You might be thinking that these models are designed for very specific datasets; they are not meant to be generally used with real-world images. However, the situation can be even worse for models designed to work with natural images…
3. When input data needs to satisfy other hard-to-define constraints
As we shall see, this third example is particularly problematic, in that it is extremely difficult to specify in advance what kind of images the model can accept and where it fails. The authors publish a state-of-the-art super-resolution model that takes in a low-resolution or standard-resolution of an image, and outputs a higher-resolution version. Here’s an example of the released pretrained model working beautifully:
However, let’s try the same model with a different image:
How strange! I certainly was not expecting this blueish image as the output of a state-of-the-art super-resolution model. Certainly, this failure mode would not happen with a classical image processing algorithm for sharpening images. But with this machine learning model, we do not have any idea of the internal implementation, and because there is no contract, we do not know which images we can trust this model with!
After spending hours wrangling with the model, I couldn’t figure out what images the model correctly resolves and which ones produce these strange blue outputs. Because the model is missing a contract, this is a significant waste of engineering effort: I spent a significant amount of time getting the model loaded and running locally only to realize that it won’t work for some of my data.

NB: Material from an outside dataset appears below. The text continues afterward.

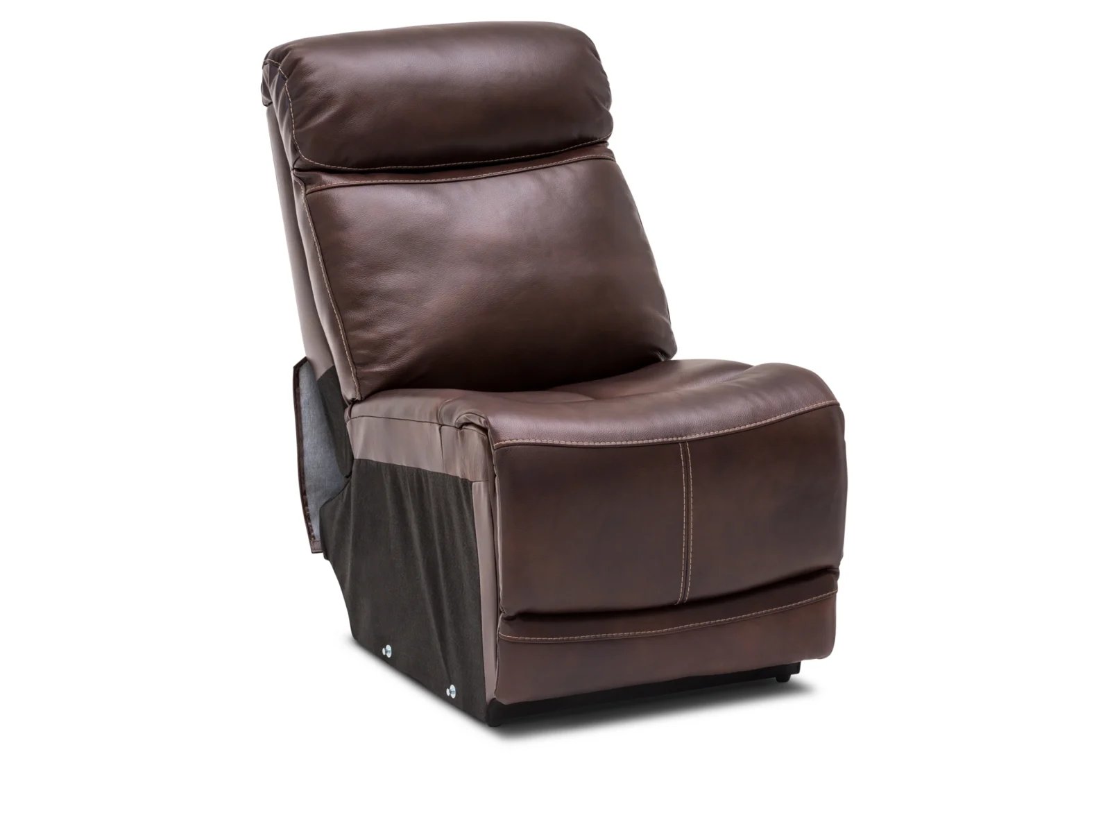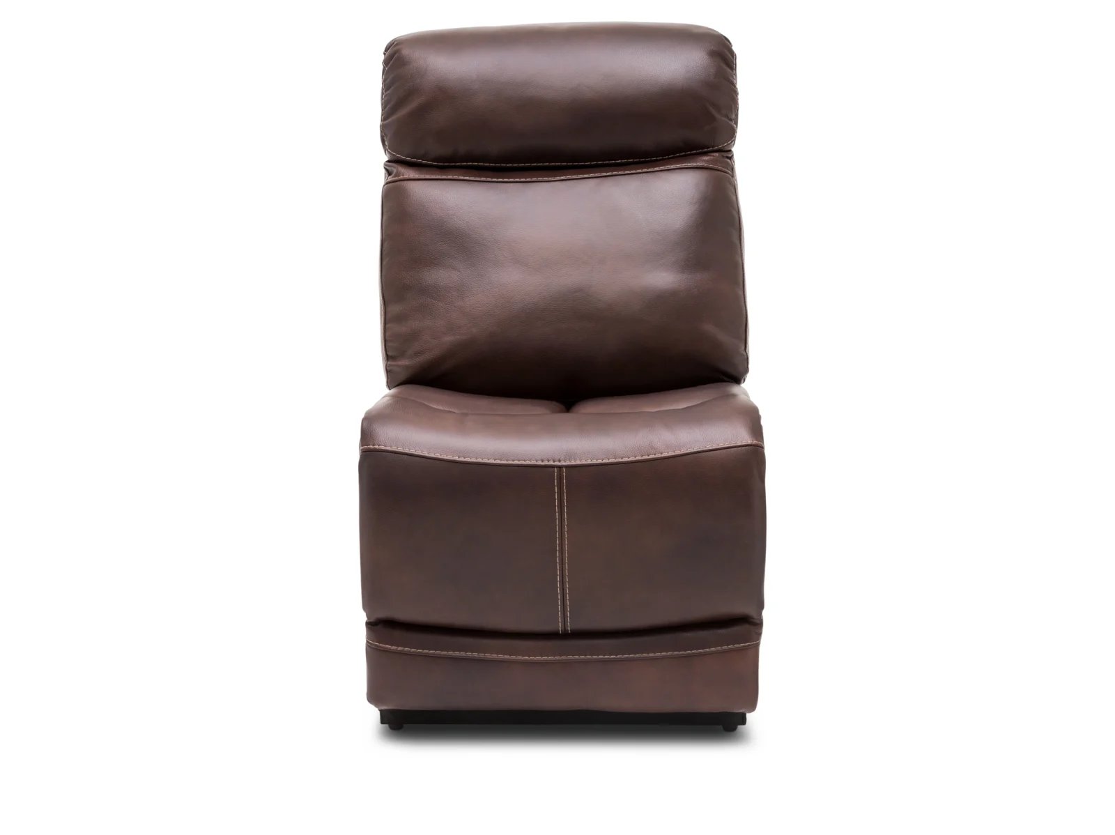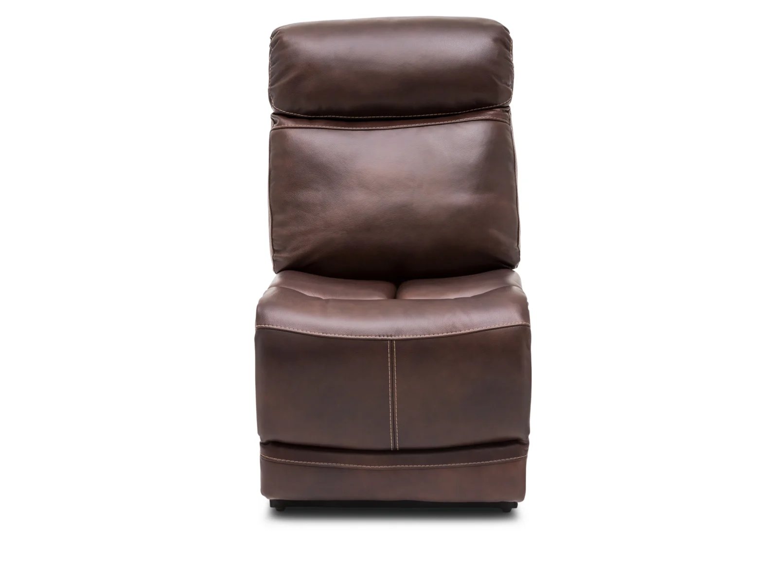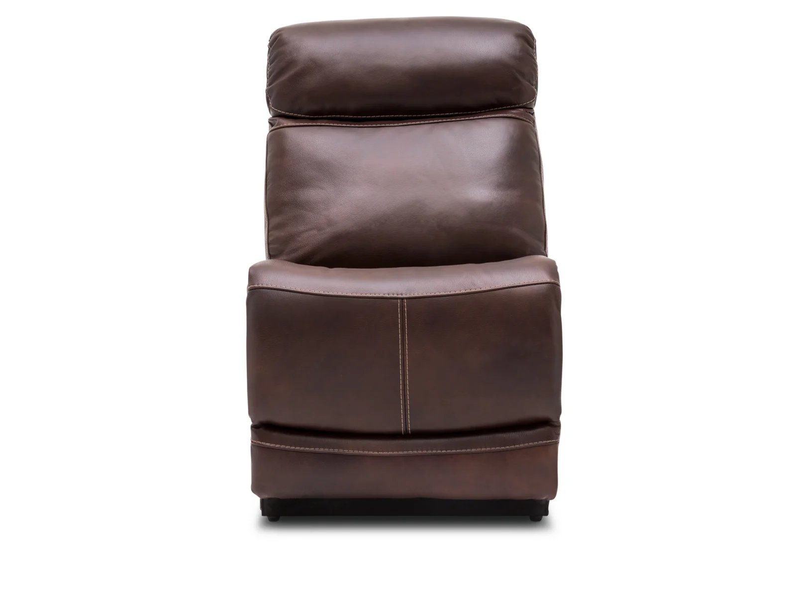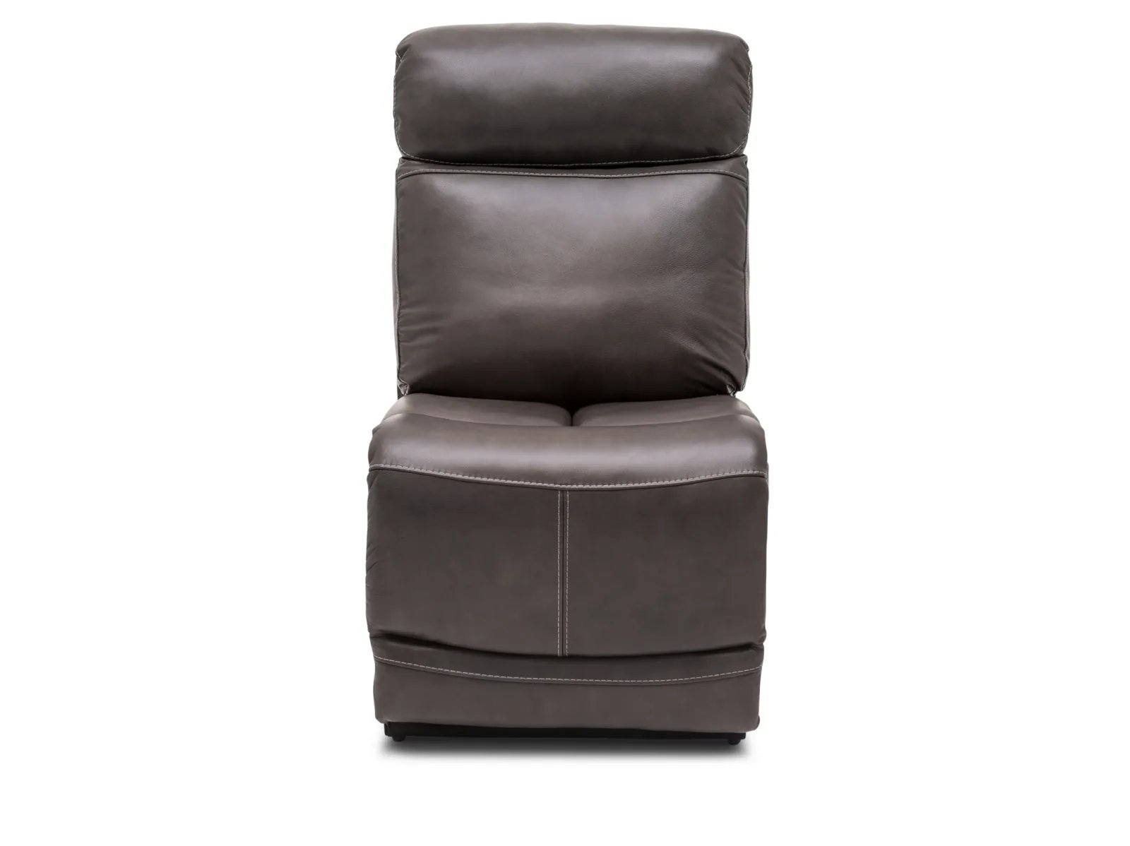 Curate the sectional of your dreams using the stylish Kinetic Armless Chair. As one of three available modular pieces, this armless chair is designed to fit a customizable configuration, allowing you to lounge as you please. Built on a hardwood-engineered frame, the Kinetic pairs its strong base with luscious foam Dacron cushioning to create unparalleled softness along its high-pub back and seat. Boasting a triple-power adjustment system, you can achieve full-body comfort thanks to the power reclining motion, including the power headrest and power lumbar support. It all comes together in supple top-grain leather, available in Brown and Gray for optimal personalization. Get curious and creative with the Kinetic Armless Chair.

Conclusion — is there a solution?
We machine learning developers often assume that if we are able to get good performance on our test sets, our models are ready to deploy and release. We do not concern ourselves enough with how downstream users are using models with data that might look quite different from our training and test sets. However, this is happening more and more: as machine learning models are being released as APIs for general use, or are being deployed internally but data streams are changing over time, we can no longer assume that a model’s test performance is indicative of its performance in the real world.
We need to provide contracts that make it clear to users what input data are valid for our models. Otherwise, machine learning models will work properly until they don’t. Systems built on top of machine learning models will fail.

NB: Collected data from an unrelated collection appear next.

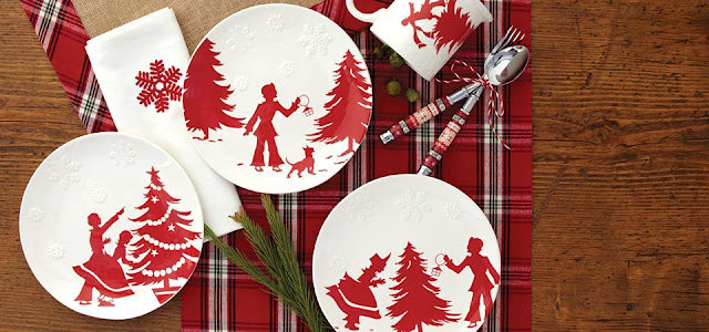 It's December 1st, and that means it's time to get out my Christmas dishes! This year I added to my collection - look at these cute "Yuletide" Victorian silhouette plates I found at Cost Plus World Market!!! If you've followed my blog very long, you may know I love the art of silhouette.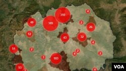 Гледано по градови во Скопје се регистрирани најголем број на заболени лица - 389, во Куманово има 310 случаи а во Прилеп 103. Во Струга има 53 заболени, Дебар -51, Тетово - 48, Велес - 43, Штип - 32.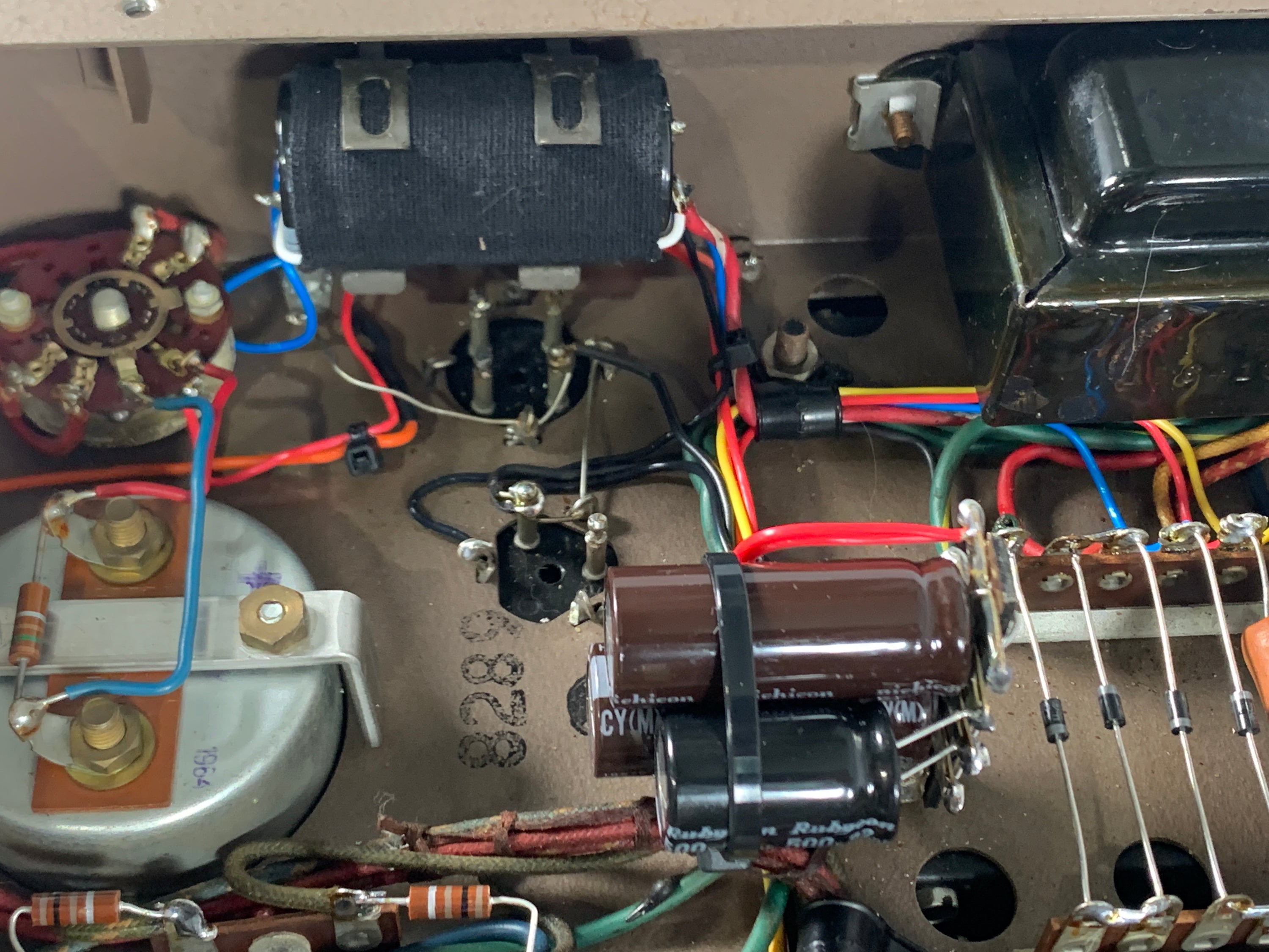 - 6.8 Ohm resistor on one tube socket drifted out of tolerance - replaced with period correct Allen Bradley carbon comp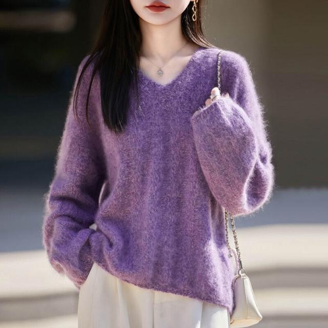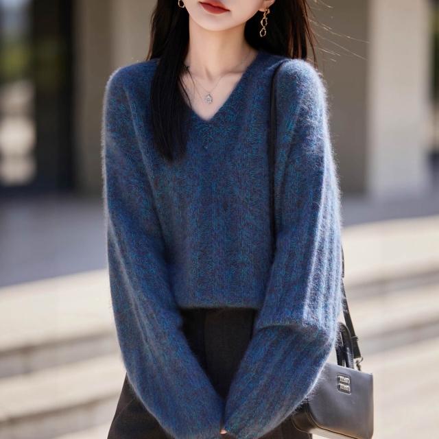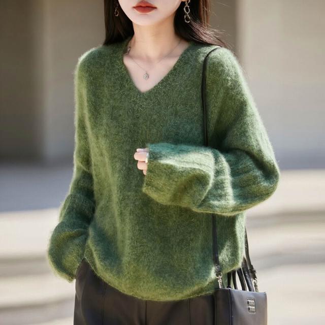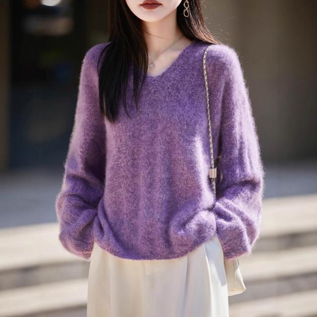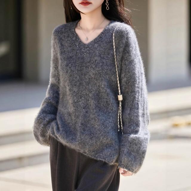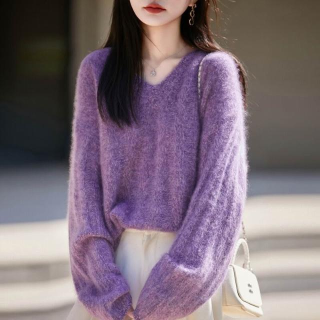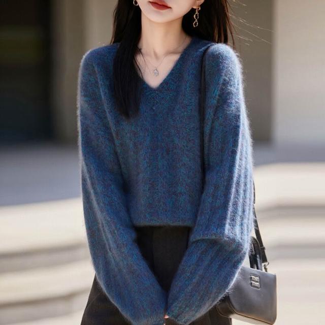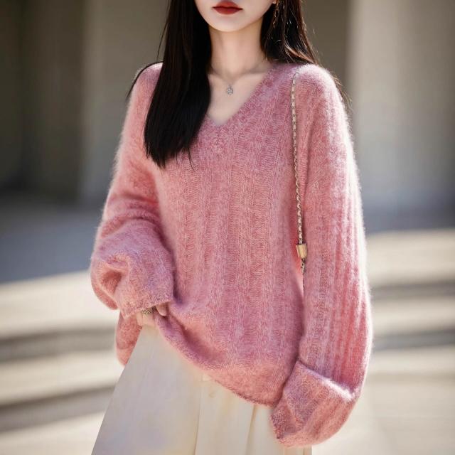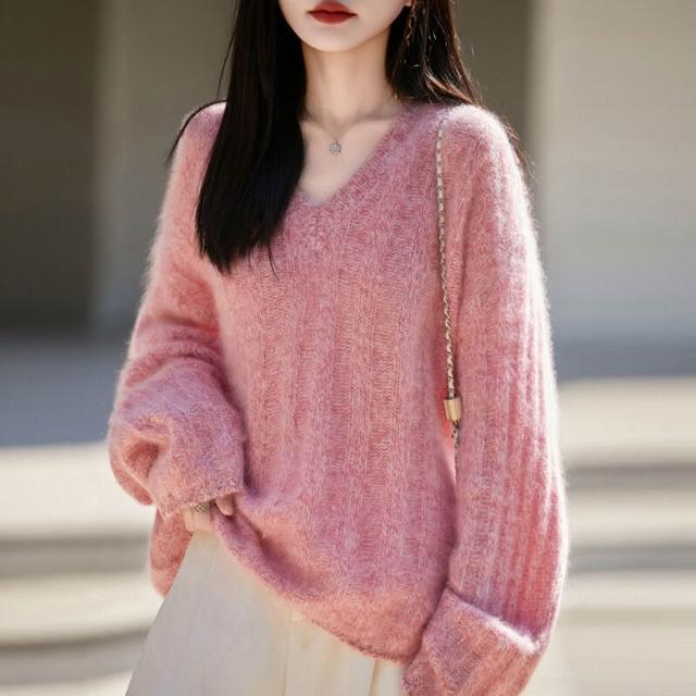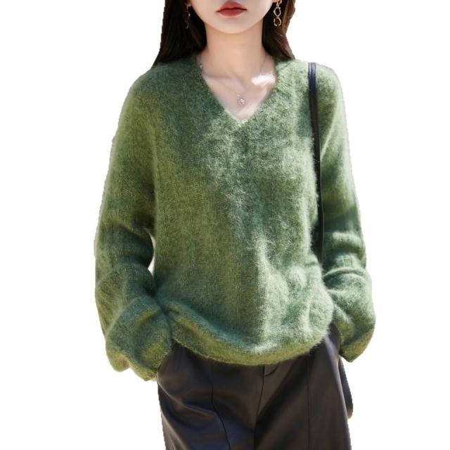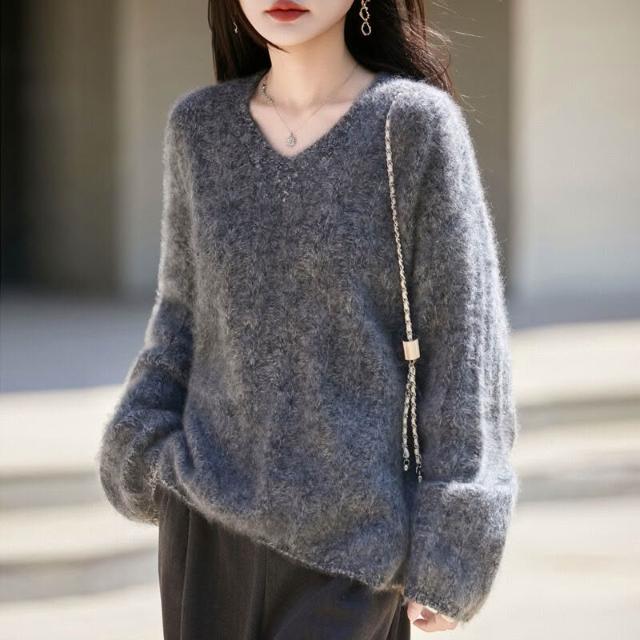 歐萊 2025秋冬羊毛衫女花紗V領無縫拉絨慵懶風套頭毛衣寬松內搭針織衫

At the same time, we’ve seen that specifying valid input data through explicit instructions is difficult. What can be done? I have two suggestions:
- We develop better methods for determining whether a sample belongs to our model’s “valid data distribution.” Perhaps contracts can themselves be “contract functions,” which assess whether an input sample is valid if it is “similar” enough to our training distribution. Such methods for detecting in-distribution and out-of-distribution data are being developed , though there are caveats to using them in practice .

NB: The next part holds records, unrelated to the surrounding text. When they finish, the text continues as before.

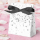 Written in the Stars, this gift favour box can be used for a wedding, anniversary or any special occasion, it's shown with black ribbon detail, with a Silver/Grey-tone stars print over a White colour . Coordinates with the Petite Stars guest books.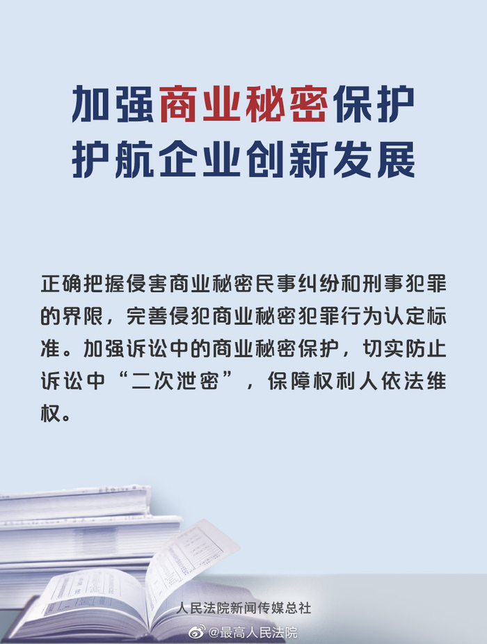 #司法护航知产强国建设#【最高法:#围绕九个方面加强知识产权司法保护#】今天上午,最高人民法院发布《最高人民法院关于加强新时代知识产权审判工作为知识产权强国建设提供有力司法服务和保障的意见》(以下称《意见》)。《意见》围绕科技创新成果、著作权和相关权利、商业标志、新兴领域知识产权、农业科技成果、中医药知识产权、商业秘密、反垄断和反不正当竞争、科技创新主体合法权益等九个方面,提出加强知识产权司法保护的贯彻落实措施。让我们一起跟随一组海报,看人民法院如何护航知产强国建设吧!(周蕤 邢岩)
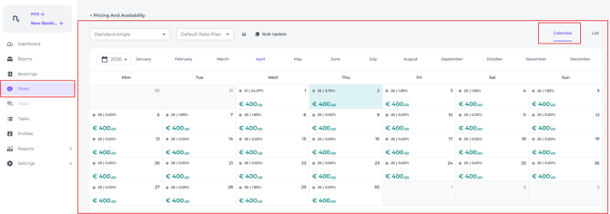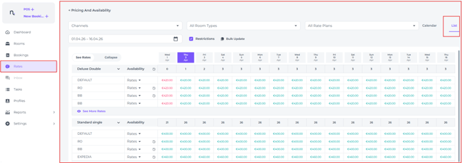 For the List View, see our guide on: Rate Calendar List View - How change Rates and/or Availability

- We make it easier to test models so that model failures are identified easily and earlier in the model development process. This helps model creators know and communicate the preconditions of their library, and helps end users quickly know if a model is suitable for their use. This is the motivation behind our open-source gradio library. In fact, the failure points identified in the models above were all easily done with the library.
And of course, we can pursue both solutions at the same time — we make it easier to identify model failure points, but also invest in developing contract functions for machine learning models going forward.